Reaching for need in the draft is usually a big mistake.

And long-time GM, and scout before that, Dave Gettleman, talked about this the other day.

“It is still about value,” Gettleman said. “Who is going to give you the most value at that spot? When you start reaching for the need, you get into trouble. You can never have too many good players at one position … I won’t force a pick. You can’t draft for need. You’ll get screwed every time. You’ll make a mistake.”

Some people yawn when you say this, but it’s a time-tested theory.

You don’t spend millions of dollars on scouting every year to set up a value board to jump around and pick for need. You set up the board, regardless of position, based on your value system, and you stick to the board.

One of the reasons Gettleman is now the Giants GM, is the former GM, Jerry Reese, reached for need in the first round two years in a row, and both picks didn’t work out well. In 2015, they reached for offensive tackle Ereck Flower with the ninth pick overall, and then the year after, cornerback Eli Apple, with the tenth pick, way too high for each player. Both reaches, both based on need, and both blew up in their faces, and both are playing elsewhere.

In the 2013 draft, the Jets reached for cornerback Dee Milliner with the ninth pick overall even though he was a major medical risk after having five surgeries while playing at Alabama.
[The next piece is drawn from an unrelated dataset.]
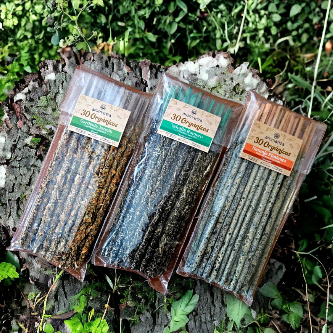 Sahumerio ecológicos con resinas naturales y exquisitas fragancias. Contiene 30 varillas, surtimos paquetes.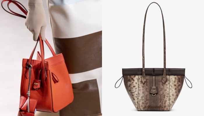 Origami一词是来自日本的折纸艺术,将纸张折成装饰品,Fendi的Origami手袋以复杂的结构组成,其中含有的8颗磁铁扣是手袋「变形」的关键,扣在一起时会呈现如几何花朵般的立体水桶包,只要打开就能变成扁平的梯形托特包,尽显手袋的多用途也彰显了品牌的俏皮玩心。

And then he couldn’t stay healthy with the Jets, and was out of the league after three years following myriad injuries.

Jets Confidential broke a story a few years ago that former Jets GM John Idzik picked Milliner, even though the Jets’ medical staff advised him against it.

If you want to take a flyer on a medical risk later in the draft, fine, but when doctors tell you to stay away, and you pick the guy ninth overall because you need a cornerback so bad, that is a textbook case of reaching for need.

The Jets reached for Darron Lee because they thought they needed a coverage linebacker.

Stick to the board.

Remember when the Washington Redskins picked Michigan State QB Kirk Cousins in the fourth round after picking RG III first overall? That shocked many. Why pick a QB in the fourth round when you already picked one in the first? Well, how’d that work out? Cousins turned into the better QB for the Redskins before signing with Minnesota for big money last year.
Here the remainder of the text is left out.